Knowing that this little computer was going to be massive overkill for just openHAB, I looked for other things that I could run on it, and soon discovered Proxmox, and other self-hosted services like Nextcloud, Paperless-ngx, a Minecraft server for my son… And the backups! I’d struggled with figuring out Amanda and never really felt confident that it was correctly set up. I’d tried other things, like periodically manually duplicating the SD card (which worked until I got lazy and didn’t bother doing it frequently enough.
But the backups and backup pruning available via Proxmox has been incredible, and has already saved me multiple times from buggy updates (not openHAB, luckily!) and user error.
I got bit by the homelab bug.
Now, a little over a year later, I have added two additional miniPCs to play with High Availability redundancy, a separate NAS running TrueNAS, and I just picked up a cheap Topton box with a 6-port 2.5G NIC to use as a router running OPNsense.

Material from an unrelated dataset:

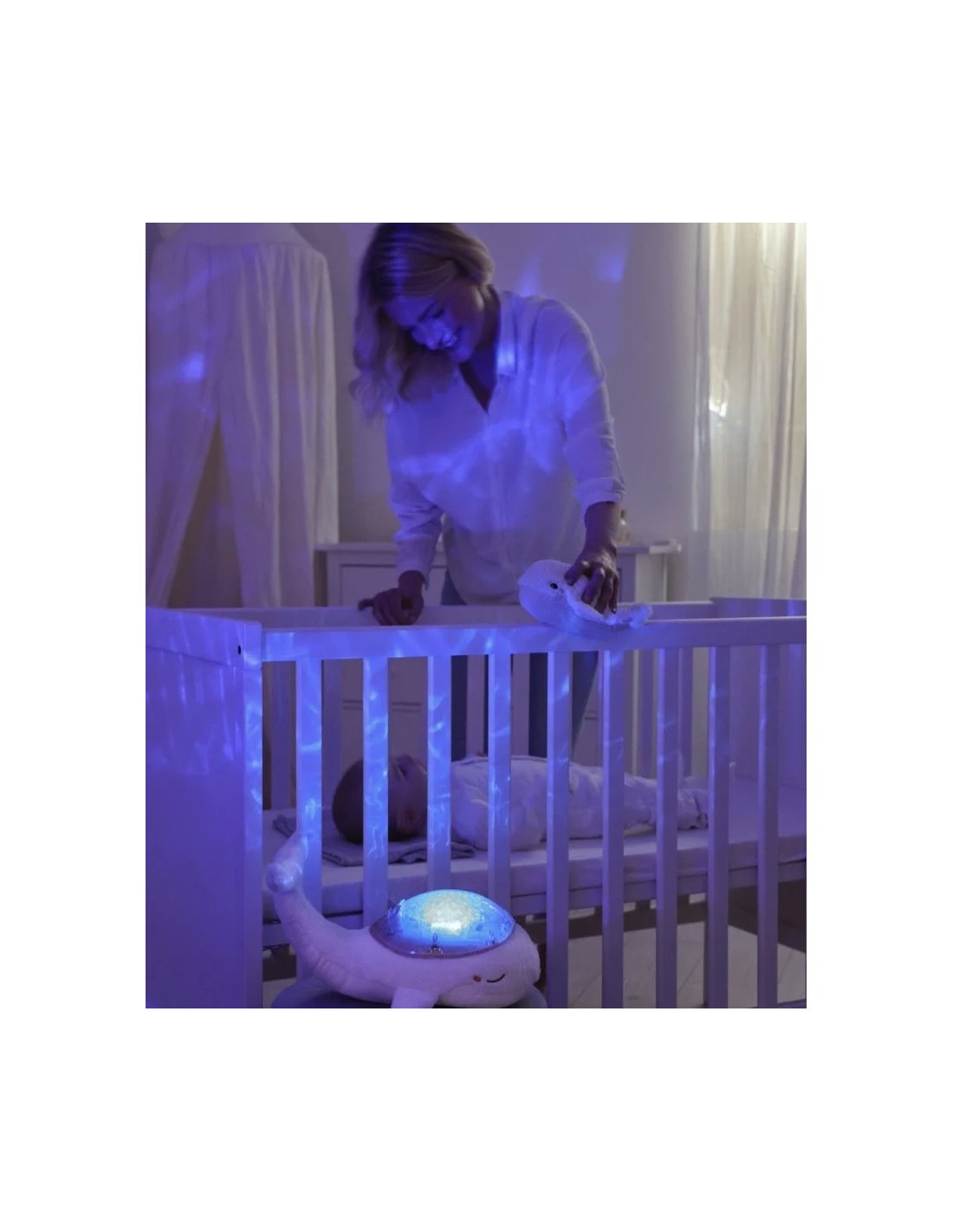 Tranquil Whale™ Family - Blanche - Baleine veilleuse musicale et son baleineau en peluche. Elle diffuse une douce lumière et projette sur le plafond de la chambre les vagues de l’océan en mouvement.

All of that it obviously overkill for openHAB, but even if you don’t want to get into the homelab hobby, I’d highly recommend finding a used miniPC and running Proxmox or something similar. The ease of backups alone is worth it, for me. And the ease up spinning up additional containers to separate MQTT, nodeRED, or anything else that you might want to experiment with, without putting your core openHAB in danger, is great. I can play with all sorts of services and then quickly wipe them out without worrying about conflicting dependencies or configurations.